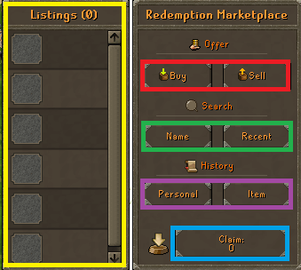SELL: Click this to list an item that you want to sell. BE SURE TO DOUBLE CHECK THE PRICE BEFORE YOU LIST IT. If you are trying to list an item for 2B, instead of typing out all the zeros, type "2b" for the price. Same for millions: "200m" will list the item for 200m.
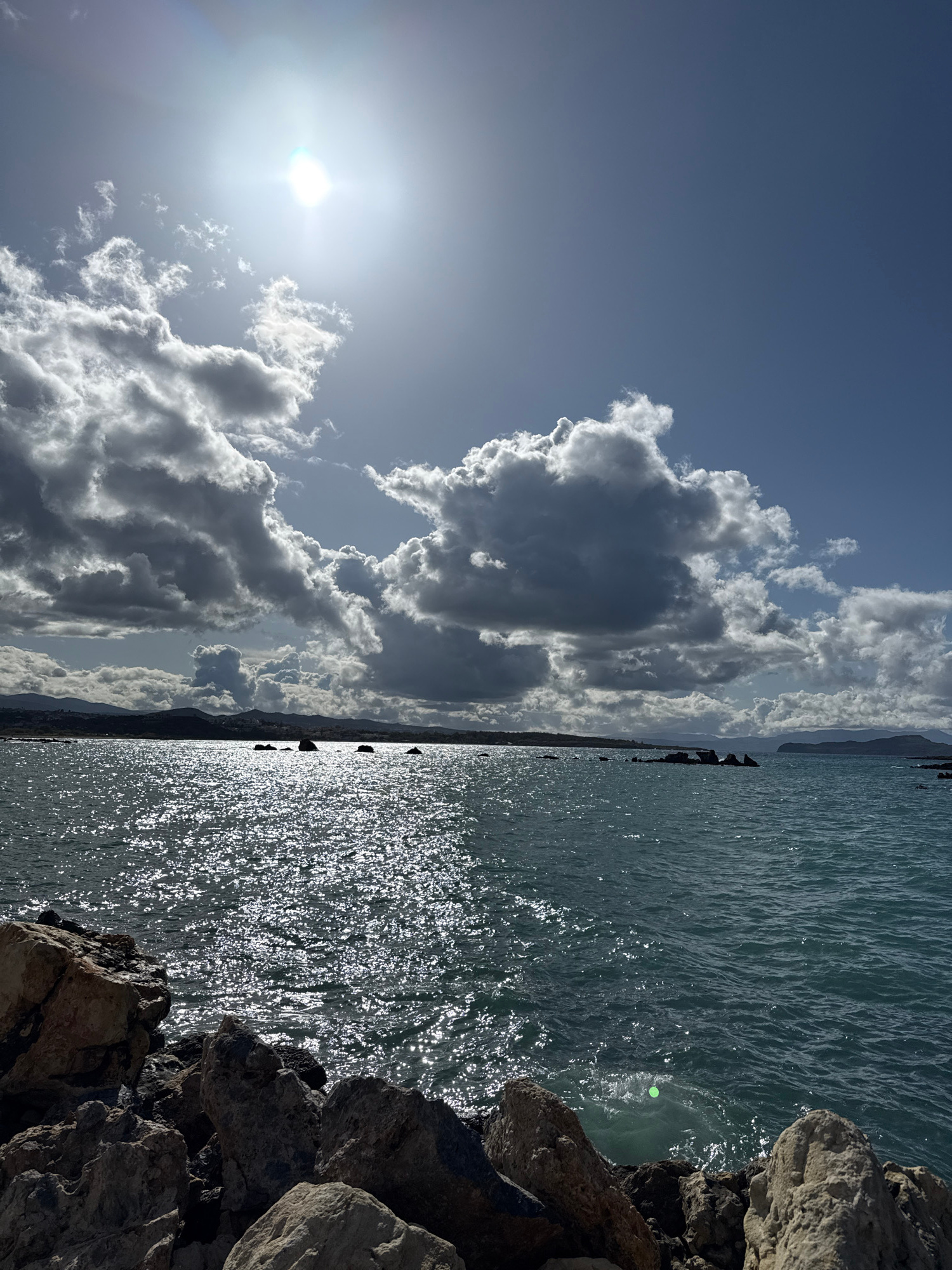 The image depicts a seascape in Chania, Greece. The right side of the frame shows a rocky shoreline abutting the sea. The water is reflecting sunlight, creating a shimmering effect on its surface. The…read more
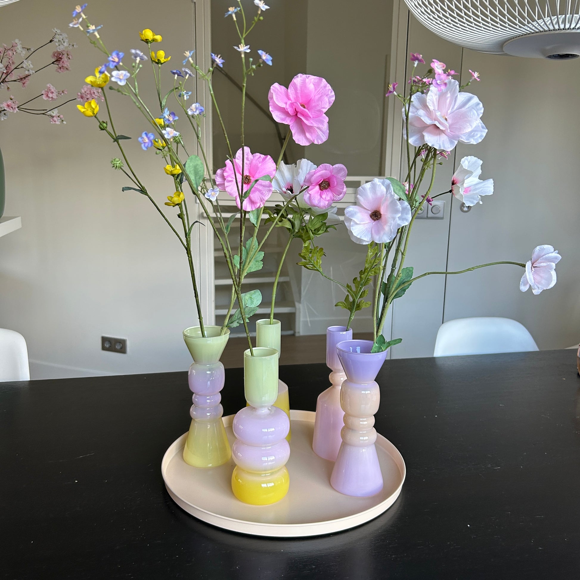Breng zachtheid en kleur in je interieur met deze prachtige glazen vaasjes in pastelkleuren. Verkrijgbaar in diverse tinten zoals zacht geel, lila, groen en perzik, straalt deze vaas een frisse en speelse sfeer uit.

· · ·

→ **What to work on**
Begin with the line that contains "The image depicts" and repeat every line through the end of the data, exactly and only those lines, leaving out the pictures.

→ **Answer space**
 The image depicts a seascape in Chania, Greece. The right side of the frame shows a rocky shoreline abutting the sea. The water is reflecting sunlight, creating a shimmering effect on its surface. The…read more
Breng zachtheid en kleur in je interieur met deze prachtige glazen vaasjes in pastelkleuren. Verkrijgbaar in diverse tinten zoals zacht geel, lila, groen en perzik, straalt deze vaas een frisse en speelse sfeer uit.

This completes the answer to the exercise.